Wellcome Trust Sanger Institute, Wellcome Trust Genome Campus, Hinxton, Cambridge CB10 1SA, UK.
Bioinformatics. 2009 Aug 15;25(16):2074-5. doi: 10.1093/bioinformatics/btp344. Epub 2009 Jun 3.
Here, we present a method for estimating the frequencies of SNP alleles present within pooled samples of DNA using high-throughput short-read sequencing. The method was tested on real data from six strains of the highly monomorphic pathogen Salmonella Paratyphi A, sequenced individually and in a pool. A variety of read mapping and quality-weighting procedures were tested to determine the optimal parameters, which afforded > or =80% sensitivity of SNP detection and strong correlation with true SNP frequency at poolwide read depth of 40x, declining only slightly at read depths 20-40x.

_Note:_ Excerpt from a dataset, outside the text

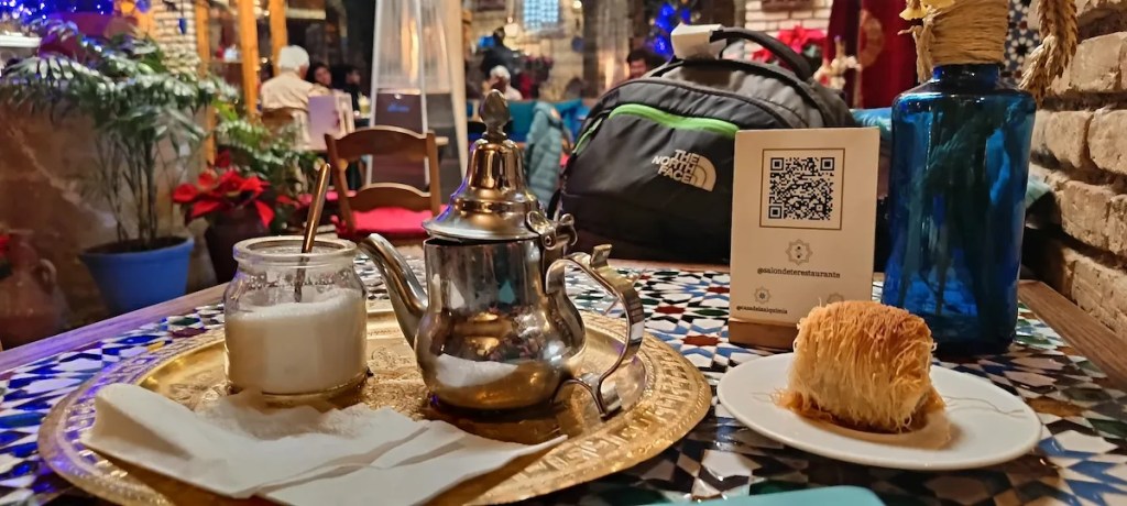 Nosotros disfrutamos del ambiente, del té moruno y de las pastitas tradicionales en el Salón de Té de Córdoba (lo peor el nombre del local, sin olvidarse, tampoco, de las sillas de los pitufos, que si mides casi dos metros, pues es un problema).

The method was implemented in Perl and relies on the opensource software Maq for read mapping and SNP calling. The Perl script is freely available from ftp://ftp.sanger.ac.uk/pub/pathogens/pools/.
在这里,我们提出了一种使用高通量短读测序对混合 DNA 样本中 SNP 等位基因频率进行估计的方法。该方法在六种高度单态的病原体副伤寒 A 沙门氏菌的真实数据上进行了测试,这些数据分别进行了测序和混合测序。测试了各种读取映射和质量加权程序,以确定最佳参数,这些参数在 40x 的全池读取深度下提供了 > =80%的 SNP 检测灵敏度和与真实 SNP 频率的强相关性,在 20-40x 的读取深度下仅略有下降。
该方法是用 Perl 实现的,依赖于 Maq 开源软件进行读取映射和 SNP 调用。Perl 脚本可从 ftp://ftp.sanger.ac.uk/pub/pathogens/pools/ 免费获取。